Mount Hunter (14,573 ft) is the steepest and most technical of the three great peaks in Denali National Park. It is also known as the most difficult 14,000 foot peak in North America.
The first winter ascent of Mt. Hunter took place in March of 1980 by a three person team. No one has yet to succeed at a solo ascent of this mountain during the winter.
Starting January 7, 2019, Lonnie Dupre will attempt to complete the first solo winter ascent of Mt. Hunter. With limited daylight in the sub-arctic, much of the camping and some of the climbing will be carried out in the dark.
“Being alone, crevasses, and steep sustained climbing pose the greatest challenge
for this climb; high winds and extreme cold will also be big obstacles.” - Dupre
Dupre’s projected route is marked in red. Once through the ice falls, the crux of the climb will be the 3,000 foot, 50 to 60 degree couloir called the Ramen.

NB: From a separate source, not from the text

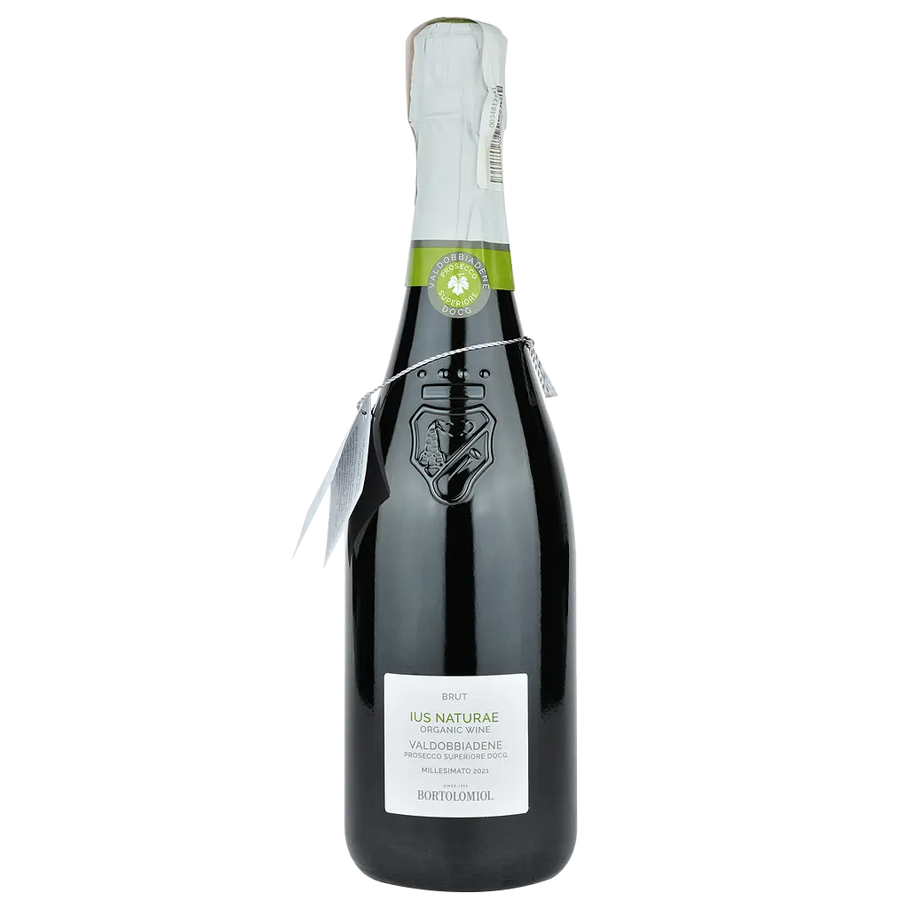 Игристое вино Bortolomiol (Бортоломиол) Ius Naturae Valdobbiadene изготовлено из органического винограда. Виноградники расположены в гористой местности, поэтому плоды для вина собираются вручную.

From advanced base camp stationed at 8,000 feet, Dupre will shuttle supplies up the first 2,000 feet of the Ramen. Then, once in position on the ridge at 11,200 feet and with a good weather forecast, he will make a push to the summit and back. A stable window of good weather is paramount to the success of the climb due limited supplies on the ridge. The expedition is expected to take 19 days.